Вечером Василиса привела Демида, длиннорукого застенчивого паренька с вздернутой верхней губой. И шапка и полушубок на нем с чужого плеча, вероятно отцовские. Рукава подвернуты шерстью наружу. Демид протянул Григорию Дмитриевичу тяжелый сверток в замасленной красной тряпице. Наган оказался старым, выпуска четырнадцатого года.
– Где ты его раздобыл? – поинтересовался Григорий Дмитриевич.
– Дома, – смущенно улыбнулся Демид. Верхняя губа его при этом поднялась так, что обнажила розовую десну, а нос сморщился. – Под полом у нас закопан был. Дядька еще с той немецкой войны принес.
– А там у тебя какой-нибудь мушкет со времен Полтавской битвы не сохранился?
– Нет, – серьезно сказал Демид. И, подумав, добавил: – Не доложит столько мушкет. Дерево сгнило бы.
Отправились они втроем. По задворкам выбрались на хорошо укатанную за день дорогу, тянувшуюся темной полоской среди белого поля. Шагать было легко: подстегивал окрепший к ночи мороз.

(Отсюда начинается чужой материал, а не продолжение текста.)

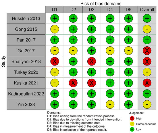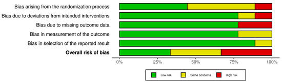 - Higgins, J.P.T.; Savović, J.; Page, M.J.; Elbers, R.G.; Sterne, J.A.C. Chapter 8: Assessing risk of bias in a randomized trial. Cochrane Handbook for Systematic Reviews of Interventions, version 6.4 (updated August 2023); Higgins, J.P.T., Thomas, J., Chandler, J., Cumpston, M., Li, T., Page, M.J., Welch, V.A., Eds.; Cochrane. 2023. Available online: www.training.cochrane.org/handbook (accessed on 11 March 2024).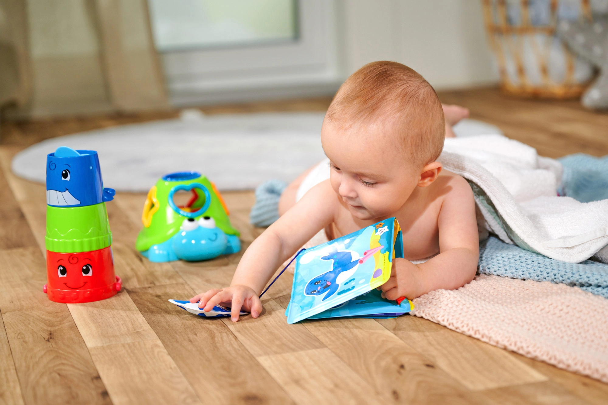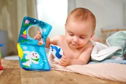 Komplekte yra smagus cypsintis pakabukas, kuris motyvuoja spausti, stiprina smulkiąją motoriką ir suteikia džiaugsmo atrandant garsus. Knygelė plūduriuoja vandens paviršiuje, todėl vaikai gali ją vartinėti tiesiog maudydamiesi.

Изо ртов густо валил пар, быстро заиндевели шапки, ресницы, брови. Окруженная ярким венцом, стояла в небе луна, и светло от нее было почти как днем, лишь горизонт поуже да очертания дальних предметов туманились и расплывались.
– Градусов тридцать, – сказала Василиса, закутавшая лицо так, что виднелись под платком только нос и глаза. – Сейчас немцев палкой не вытуришь из избы.
– Робеешь?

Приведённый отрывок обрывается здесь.